Solution Approach 2:
The patent applies different processing qualities to different data streams based on their criticality. High-priority data from critical sensors undergoes immediate real-time processing, while lower-priority data is processed in batches, optimizing the balance between response time and computational resource usage.
3Productivity
If digital twins are created and updated with real-time data, then operational optimization is improved, but data storage and processing demands increase
Solution Approach 1:
The patent creates simplified digital twin copies of physical assets that contain only the essential data and characteristics needed for operational optimization. Rather than storing complete replicas of all asset data, the digital twins contain selectively extracted information that maintains optimization capabilities while reducing storage demands.
Solution Approach 2:
The patent pre-configures digital twins with baseline data and expected operational parameters before deployment. This preliminary action reduces the need for continuous data storage during operation, as the digital twins already contain the reference information needed for comparison and optimization.
4Loss of information
If expertise is captured from experienced workers, then knowledge retention is improved, but system complexity increases
Solution Approach 1:
The patent implements systems where experienced workers can directly input their expertise and observations into the platform through user-friendly interfaces.

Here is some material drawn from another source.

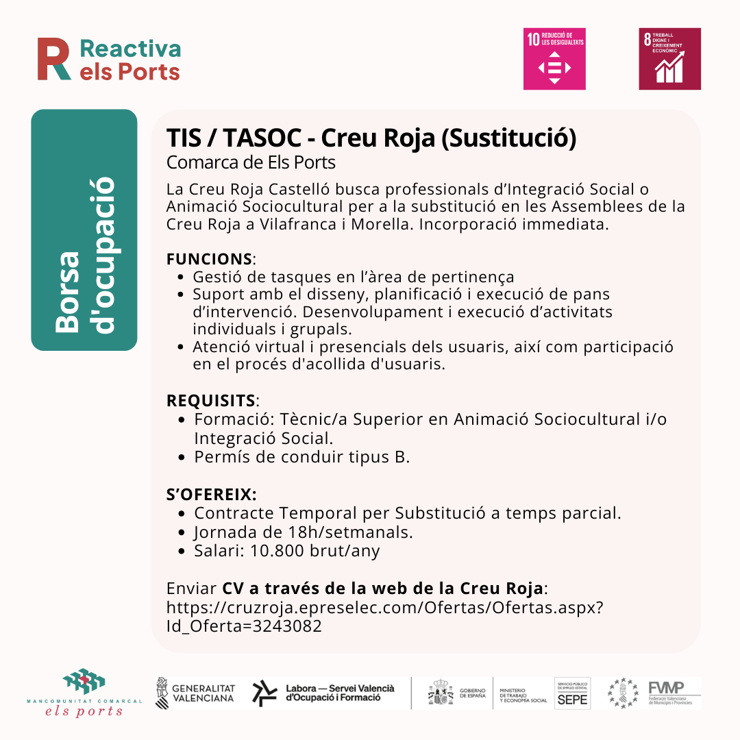 馃敶La Creu Roja Castell贸 busca professionals d鈥橧ntegraci贸 Social o Animaci贸 Sociocultural per a la substituci贸 en les Assemblees de la Creu Roja a Vilafranca i Morella. Incorporaci贸 immediata.

The system automatically processes and integrates this knowledge without requiring complex manual configuration, allowing knowledge capture while minimizing added system complexity.
Data Source
AI summary
A platform for facilitating development of intelligence in an Industrial Internet of Things (IIoT) system generally includes a plurality of distinct data-handling layers comprising an industrial monitoring systems layer that collects data from or about a plurality of industrial entities in the IIoT system; an industrial entity-oriented data storage systems layer that stores the data collected by the industrial monitoring systems layer; an adaptive intelligent systems layer that provisions available computing resources within the platform; and an industrial management application platform layer that manages the platform in a common application environment.